BRAIN BACKUP PLAN?
Begins with having a cognitive reserve! Think of cognitive reserve as your brain’s ability to improvise and find alternative ways to get a job done. It reflects how agile your brain is at drawing on skills and capacities to solve problems and cope with challenges. Cognitive reserve is developed by your lifetime of education and curiosity.
A “cognitive backup plan” is your brain being like a well-used walking path, rather than a network of trails in a park. If you only ever walk the same single path, it works well—until something blocks it and you fall? Then you can be stuck. But if you’ve explored many different trails over time, you have other options. If one path is closed, your brain can naturally shift to another and keep moving forward.
That’s what cognitive reserve does for your brain. It builds multiple pathways for thinking, remembering, and problem-solving. So, when conditions like Alzheimer’s disease, Parkinson’s disease, multiple sclerosis, stroke, or overwhelming stress affect certain areas, your brain can “reroute” using other connections you’ve built over time.
The heart of our brain health and cognitive fitness program requires lifestyle changes. Researchers at Harvard Medical School have identified six CORNERSTONES for any effective brain health and cognitive fitness program.
Step 1: Mix in a plant-based diet to get 50-60 grams of protein a day.
Step 2: Exercise regularly.

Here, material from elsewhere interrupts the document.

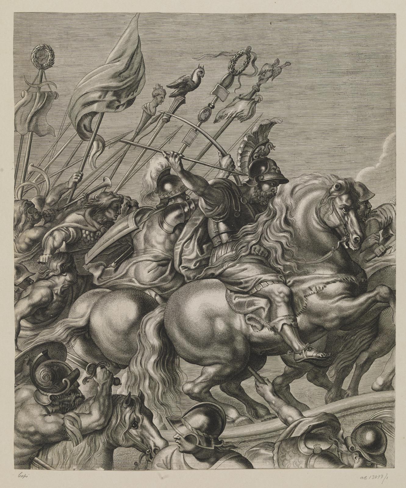 The Final Battle of Gaw and Talhand (painting, recto; text, verso), Illustrated folio from a manuscript of the Shahnama by Firdawsi

A sedentary lifestyle WILL shorten your life.
Step 3: Get enough sleep, 7 + hours, enough to get your brain into restorative REM sleep
Step 4: Manage your stress. BREATHE, call someone to ask “How are You”
Do random acts of kindness EVERY DAY Secret ones bring best reward.
Step 5: Do NOT isolate! Nurture social contacts BE ENGAGED in your Life
Step 6: Continue to challenge your brain. Do something every day with your non-dominant hand. PRACTICE EVERY DAY! Rinse and Repeat!
These factors are equal parts of a cohesive plan—they don’t work in isolation. Simply eating more fiber or adding a morning walk to your routine isn’t enough to forestall mental decline. Instead, exercise, diet, sleep, stress management, social interaction, and mental stimulation work in CONCERT to yield the best results.